Why? Red is the colour of “objectively dangerous phenomena” that people encountered in early societies, such as blood or fire. A red face, the study notes, “signals anger and aggressiveness, and may serve as a testosterone-based signal of dominance”. In other words we are hard-wired to be wary of the colour red, and this has real-world investment implications. Anyone who has ever checked their portfolio online knows that during a market downturn brokerage screens resemble a sea of red.
Blood in the streets
Although it’s generally a good idea to buy when there’s blood in the streets, Prof Cronqvist says investors may be less likely to buy stocks when prices fall because the media and online trading platforms are dominated by the colour red.
Brokerages and investment firms should consider tweaking their trading platforms to address investors’ “hard-wired biases”. Indeed, US robo-adviser Betterment has already take note, recently changing its website and apps so that market price changes are not colour-coded.
Colour “can drive investor behaviour”, said Dan Egan, director of behavioural finance and investments at Betterment.
Fellow behavioural finance expert Dr Greg Davies agreed, tweeting that he was “massively unsurprised” by the research findings.
This lack of surprise reflects the fact there is a mountain of research showing investors are influenced by “supposedly irrelevant factors”, or Sifs to use the term coined by behavioural economist and Nudge author Richard Thaler.
Investors’ moods are shaped by all kinds of Sifs. For example, one study, Sports Sentiment and Stock Returns, found that national stock markets are more likely to decline in the aftermath of disappointing football results. This effect is more pronounced in the World Cup than the European Championships, and following especially important games, particularly in football-mad countries like Brazil and Italy. A similar effect is evident following losses in other sports such as cricket, rugby and basketball. A multitude of other Sifs have been identified.

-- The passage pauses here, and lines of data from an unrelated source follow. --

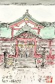 水天宮は私の事務所から約20分のところにあり、 安産と水難の神様として名高い神社です。長男の嫁さんが妊娠したとき妻とともにお参りもしました。また境内にある弁財天は日本橋七福神の一つになっています。この絵は朝の出勤途中少し余裕があったので回り道して描きました。午前9時前というのに蒸し暑さが応えました。正面では2・3人の巫女さんが静かにお祈りをしていました。私たちが普段見る巫女さんはお札所に座っていることが多いですが、このように仕事始め?の前にお祈りをするという習慣がある事を初めて知りました。 |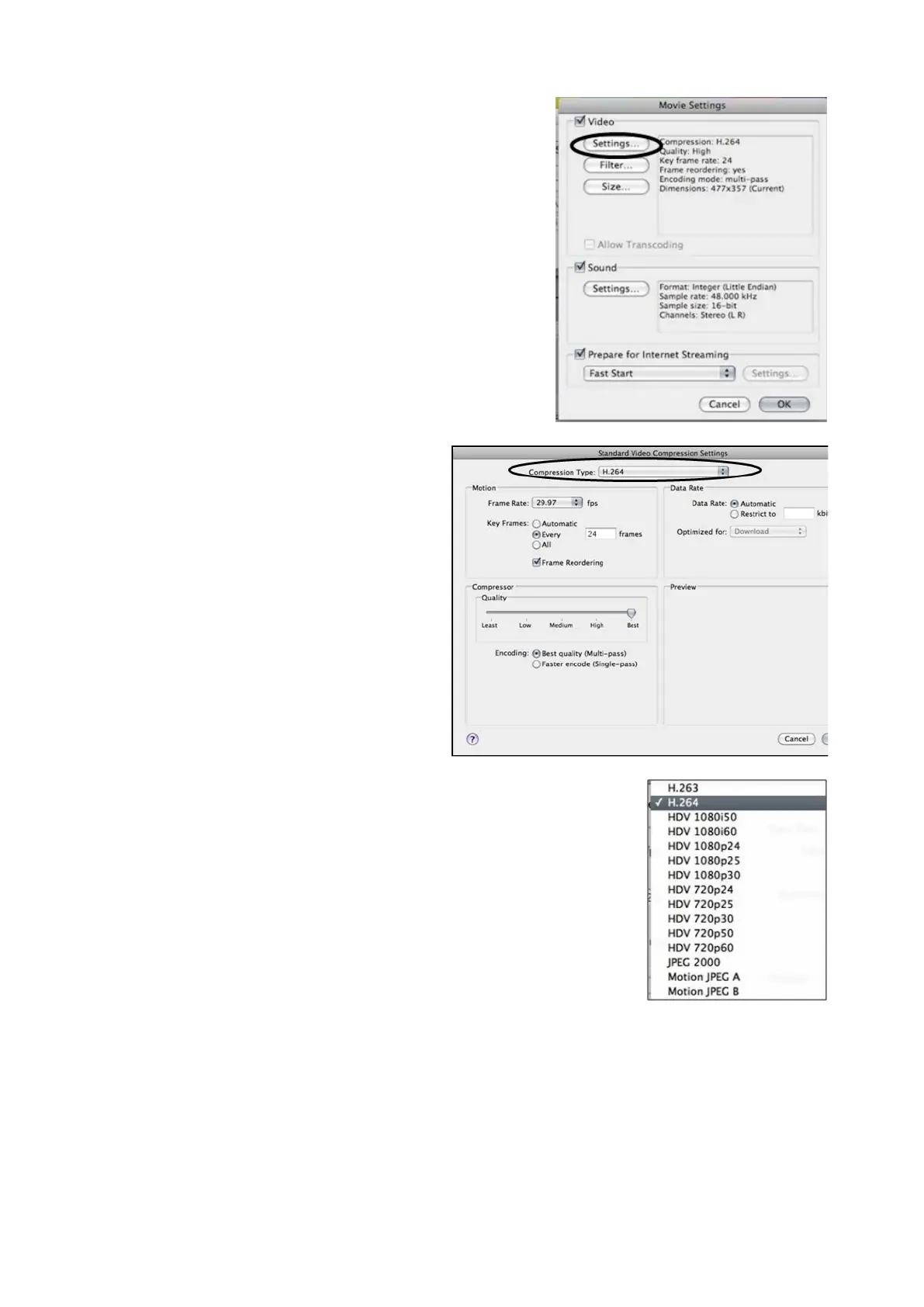 settings. Select H.264, ProRes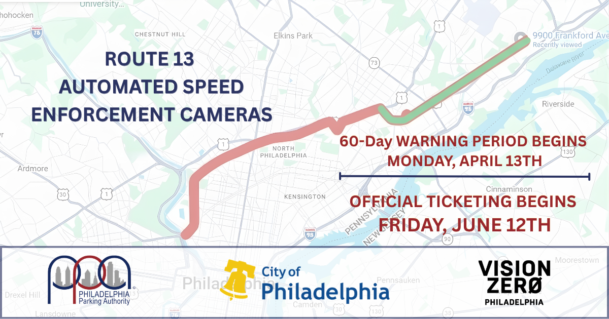 “Speed enforcement cameras are critically important tools that have dramatically reduced speeding along Roosevelt Boulevard by 95%,” said Rich Lazer, Executive Director of the Philadelphia Parking Authority. “This program is about improving public safety and saving lives. We hope to bring about similar results along Broad Street, where cameras were installed last year, and now Route #13.”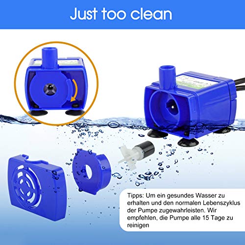 【Miglioramento dell'ambiente dell'acqua】: basta mettere la pompa dell'acqua in un serbatoio dell'acqua, l'acqua inizia a fluire e fornisce l'acqua vivida per gli esseri sottomarini. La pompa dell'acqua può aumentare facilmente l'ossigeno disciolto nell'acqua e far crescere i batteri nitrificanti, che è utile per mantenere l'acqua pulita.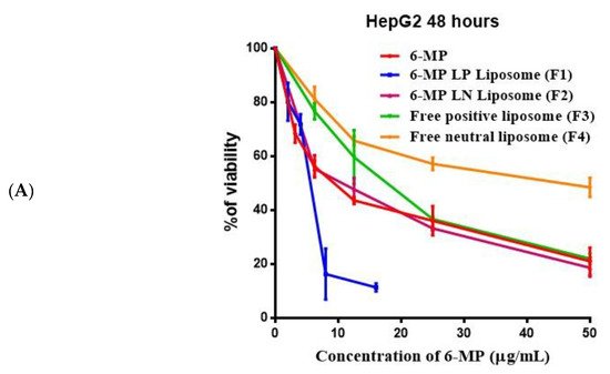 To determine the IC50 of free 6-MP and the prepared liposomal formulations, the percentage of vitality of HepG2, HCT116, and MCF-7 cells was determined after 48 h of treatment with various dosages of free and 6-MP loaded liposomes (Figure 1).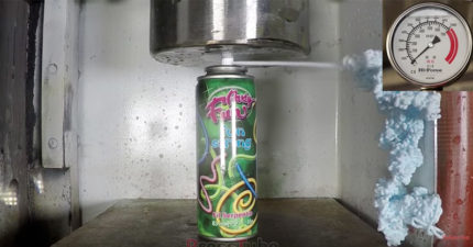 液壓機這次遇上會爆炸的派對道具「噴彩帶」,最後那「噗哧」的感覺真是爽翻拉!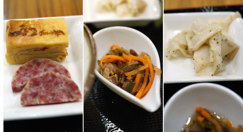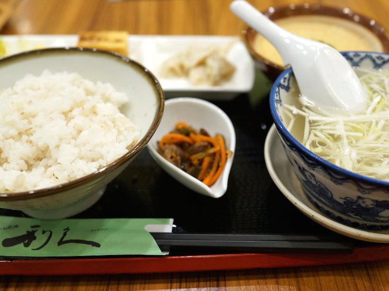 松前漬けに白菜の漬物。テールスープの旨みがたのしい厚焼き玉子にタンの端材を使ったハム。茹でたエリンギを塩ダレ和えにした一品と、どれもやさしい味わいでご飯をおいしくしてくれる。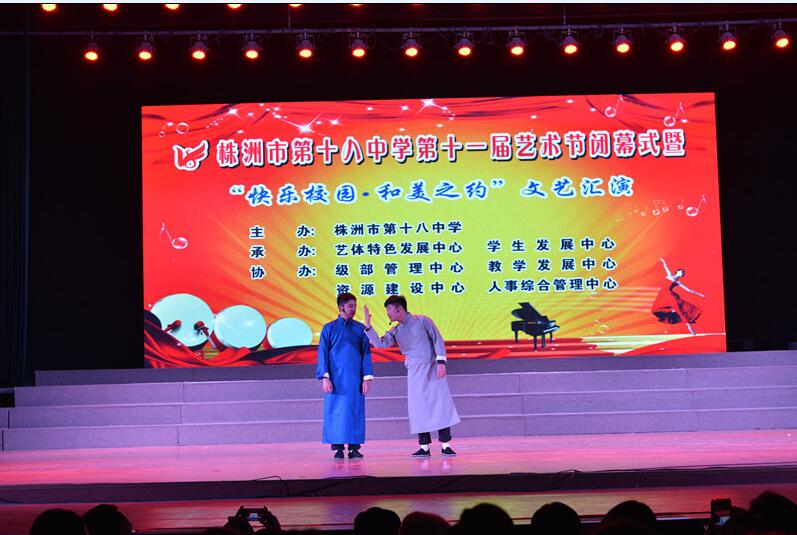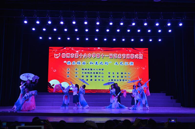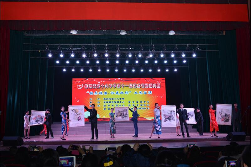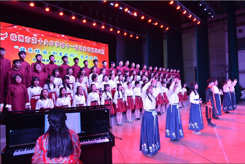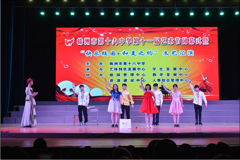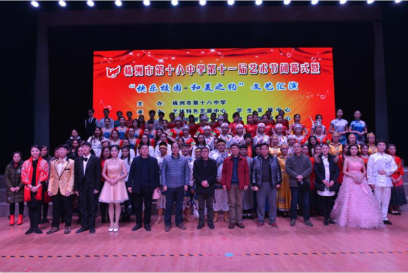株洲市十八中第十一届校园文化艺术节在一片热闹、祥和的气氛中落下了帷幕。此次活动展现了我校师生良好的精神风貌,极大地丰富了师生校园生活,谱写了我校艺术特色教育新的篇章。相信这一次的经历会深深地刻印在全体演职人员的脑海里,成为永久的美好回忆!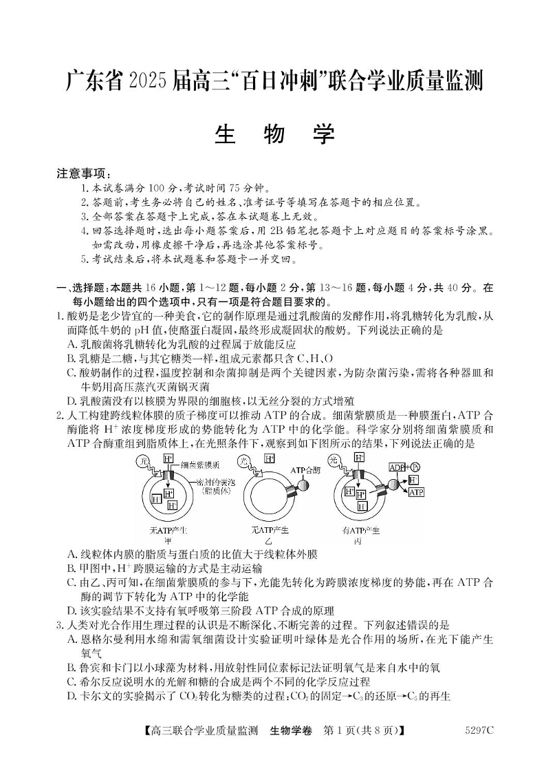 广东省2025届高三“百日冲刺”联合学业质量监测 生物(含答案).pdf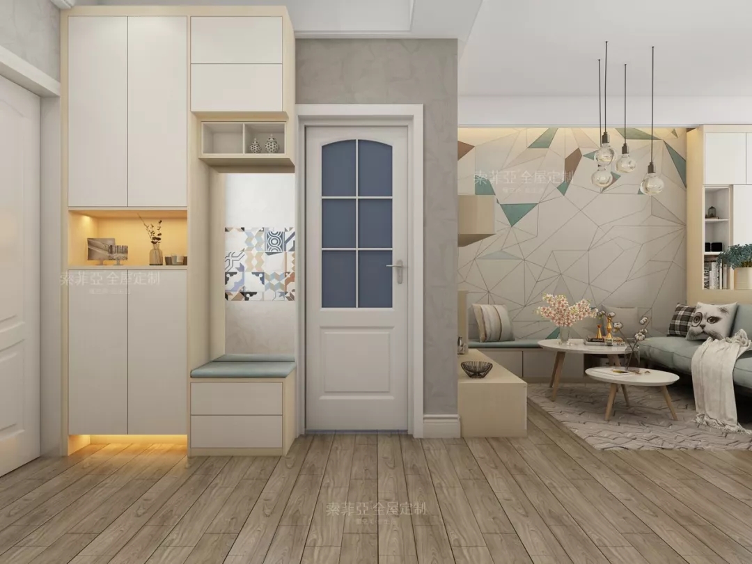 北美楓木的溫暖,羽白栓木的純凈,搭配上換鞋凳櫃的慵懶,簡單的入戶設計也有不一樣的溫馨舒適。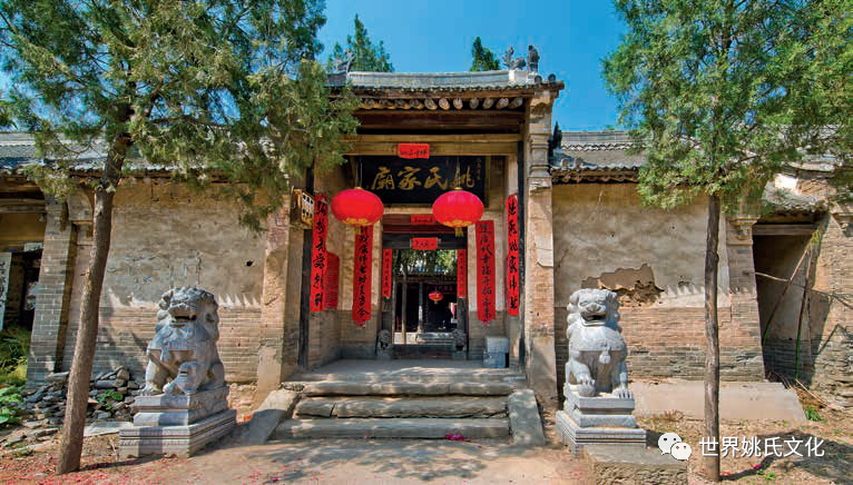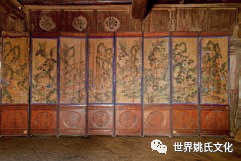 上世纪 80 年代,族人对家庙进行抢救式修复,家庙才旧貌换新颜。家庙有两副木联:其一书“传帝法绍帝统世著唐朝”;另一书“为帝为王为卿相家留吴兴,迁硖迁洛迁平阳派衍河朔”,横批是“吴兴世家”,还有一块木制匾额上书“沿河居访”,后失落。家庙内存八扇屏风,古色古香,上画琴、棋、书、画、渔、牧、樵、耕等内容,历经战乱、土改、文革等浩劫,是老族长姚胫州冒风险保存下来,后其女姚葡萄交于祠堂。现增添二十四孝图等书画内容。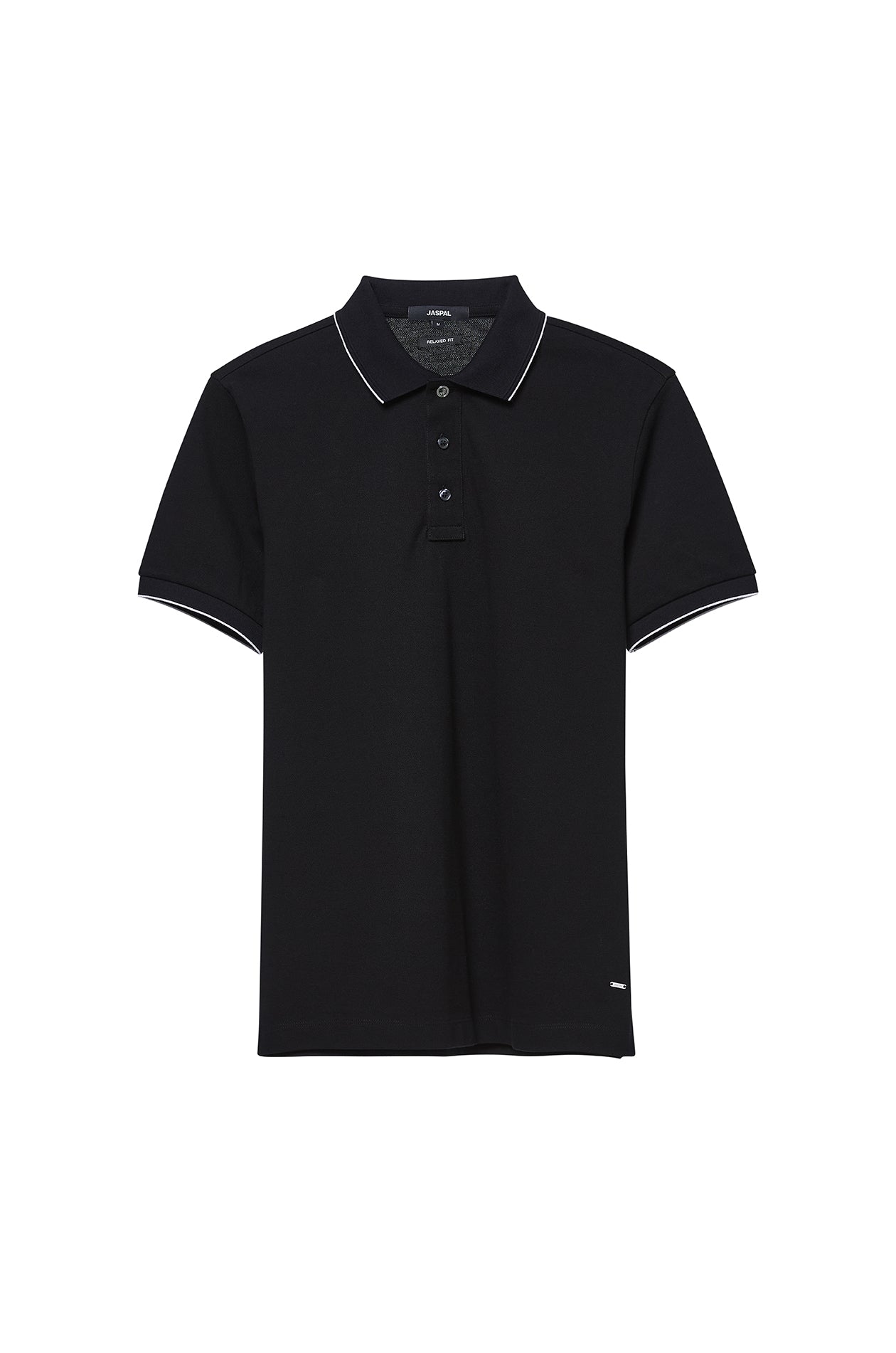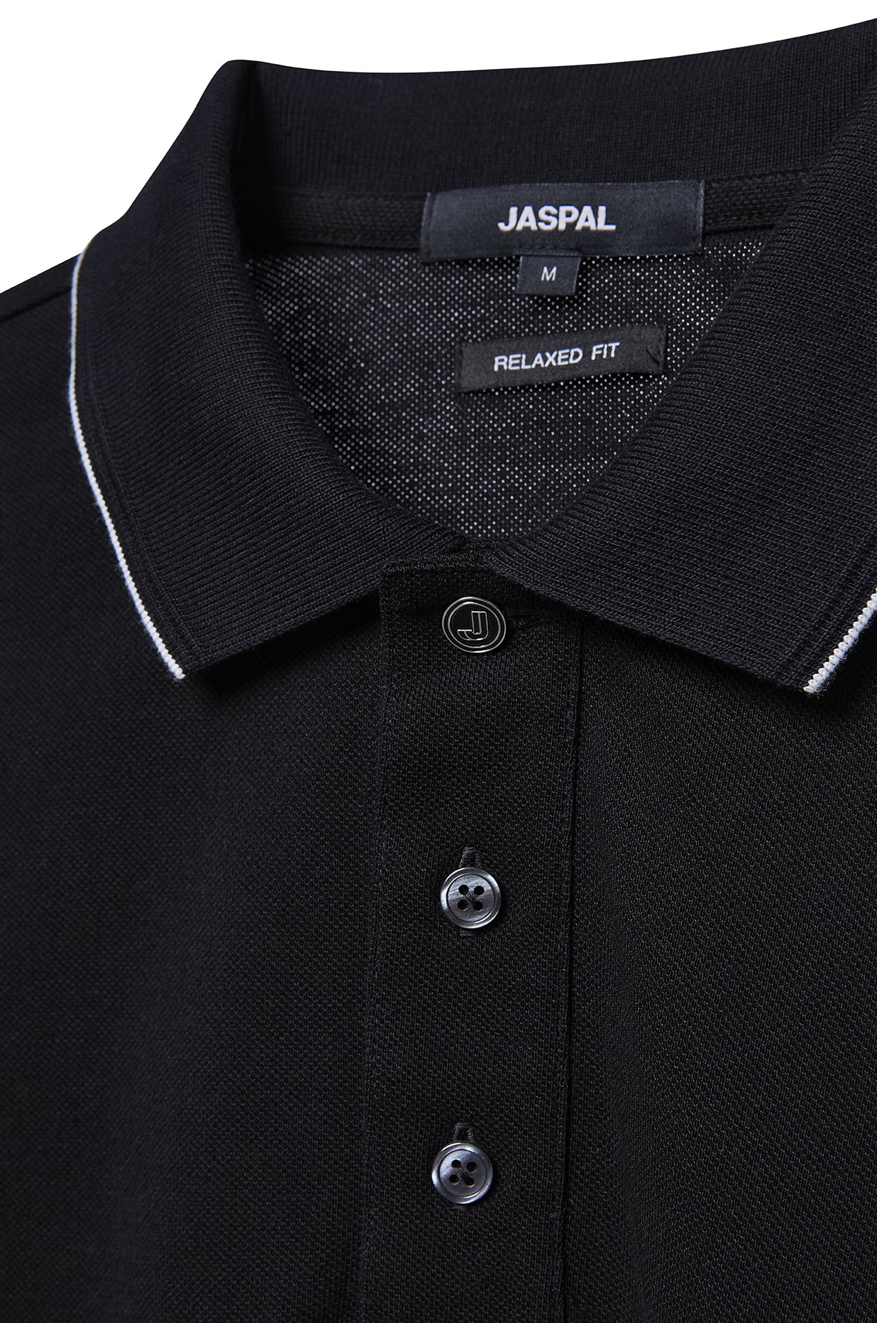 Short-sleeved polo shirt in cotton pique. Regular fit with classic collar and Jaspal badge. Available in black.

Studies show investors who have experienced low-probability events such as earthquakes are more likely to believe a future market crash is likely.
Men are much more likely to take up loan offers when the loan brochure contains a picture of an attractive woman (according to one South African study, the increase in take-up was equivalent to dropping the interest rate by 4.5 per cent).
Automatically enrolling employees into company pension schemes has a much bigger impact on retirement savings than offering employees tax subsidies.
Research shows that when we’re sad we’re much more likely to make poor financial decisions, plumping for short-term instant gratification above sounder long-term options.
“Contrary to the predictions of traditional theory, Sifs matter”, says Richard Thaler. Cronqvist’s research bears out Thaler’s point. “Biologically ingrained evaluation processes in the human visual system” mean that when we see red, we see danger. This danger, whether real or imagined, makes us more inclined to flee – a hard-wired response which may have served our ancestors but which may prove costly for investors.